To do – Omitting any pictures, transcribe the entries below exactly.

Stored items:
******
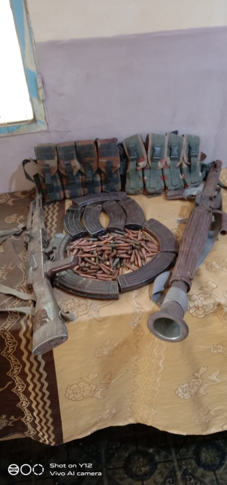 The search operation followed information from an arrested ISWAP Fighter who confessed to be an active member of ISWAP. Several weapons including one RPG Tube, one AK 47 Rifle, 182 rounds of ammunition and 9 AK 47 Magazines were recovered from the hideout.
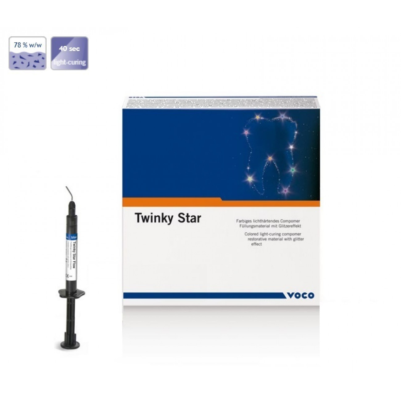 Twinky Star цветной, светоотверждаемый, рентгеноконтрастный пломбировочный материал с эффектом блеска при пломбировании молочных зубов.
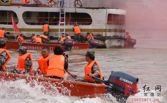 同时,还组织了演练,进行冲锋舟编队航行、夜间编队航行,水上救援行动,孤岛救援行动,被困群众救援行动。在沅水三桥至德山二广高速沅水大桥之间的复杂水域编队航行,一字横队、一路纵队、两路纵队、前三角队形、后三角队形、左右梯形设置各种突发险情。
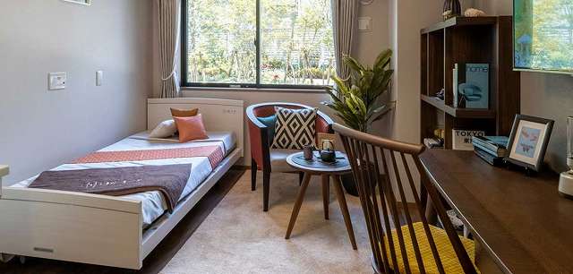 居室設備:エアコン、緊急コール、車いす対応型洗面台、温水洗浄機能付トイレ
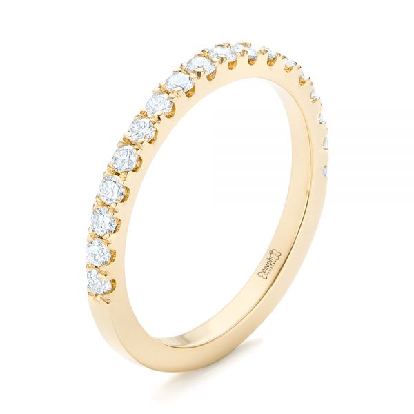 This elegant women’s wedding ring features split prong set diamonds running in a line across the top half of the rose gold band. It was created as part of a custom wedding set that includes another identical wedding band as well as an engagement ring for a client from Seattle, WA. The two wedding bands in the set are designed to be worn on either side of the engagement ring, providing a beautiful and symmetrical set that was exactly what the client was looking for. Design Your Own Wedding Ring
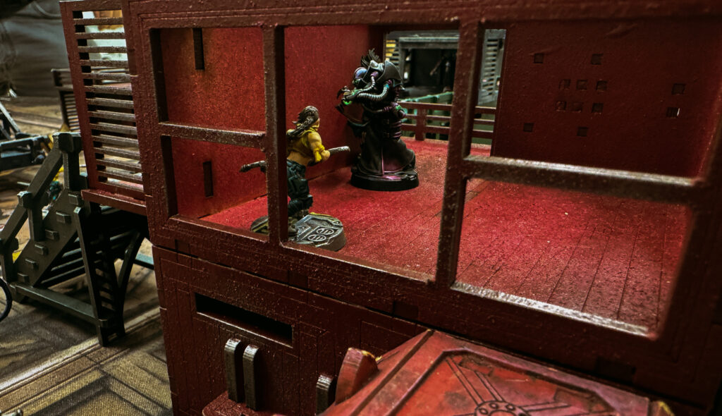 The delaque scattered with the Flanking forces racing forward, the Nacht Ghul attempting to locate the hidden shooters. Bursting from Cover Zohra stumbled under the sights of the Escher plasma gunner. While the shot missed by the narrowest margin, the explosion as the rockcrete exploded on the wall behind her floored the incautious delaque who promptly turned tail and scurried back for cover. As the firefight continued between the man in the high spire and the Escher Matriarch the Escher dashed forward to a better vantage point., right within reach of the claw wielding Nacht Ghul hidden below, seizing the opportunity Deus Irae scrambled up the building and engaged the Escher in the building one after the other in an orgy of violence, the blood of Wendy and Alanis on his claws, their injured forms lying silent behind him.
******
Output for this task –
 The search operation followed information from an arrested ISWAP Fighter who confessed to be an active member of ISWAP. Several weapons including one RPG Tube, one AK 47 Rifle, 182 rounds of ammunition and 9 AK 47 Magazines were recovered from the hideout.
 Twinky Star цветной, светоотверждаемый, рентгеноконтрастный пломбировочный материал с эффектом блеска при пломбировании молочных зубов.
 同时,还组织了演练,进行冲锋舟编队航行、夜间编队航行,水上救援行动,孤岛救援行动,被困群众救援行动。在沅水三桥至德山二广高速沅水大桥之间的复杂水域编队航行,一字横队、一路纵队、两路纵队、前三角队形、后三角队形、左右梯形设置各种突发险情。
 居室設備:エアコン、緊急コール、車いす対応型洗面台、温水洗浄機能付トイレ
 This elegant women’s wedding ring features split prong set diamonds running in a line across the top half of the rose gold band. It was created as part of a custom wedding set that includes another identical wedding band as well as an engagement ring for a client from Seattle, WA. The two wedding bands in the set are designed to be worn on either side of the engagement ring, providing a beautiful and symmetrical set that was exactly what the client was looking for. Design Your Own Wedding Ring
 The delaque scattered with the Flanking forces racing forward, the Nacht Ghul attempting to locate the hidden shooters. Bursting from Cover Zohra stumbled under the sights of the Escher plasma gunner. While the shot missed by the narrowest margin, the explosion as the rockcrete exploded on the wall behind her floored the incautious delaque who promptly turned tail and scurried back for cover. As the firefight continued between the man in the high spire and the Escher Matriarch the Escher dashed forward to a better vantage point., right within reach of the claw wielding Nacht Ghul hidden below, seizing the opportunity Deus Irae scrambled up the building and engaged the Escher in the building one after the other in an orgy of violence, the blood of Wendy and Alanis on his claws, their injured forms lying silent behind him.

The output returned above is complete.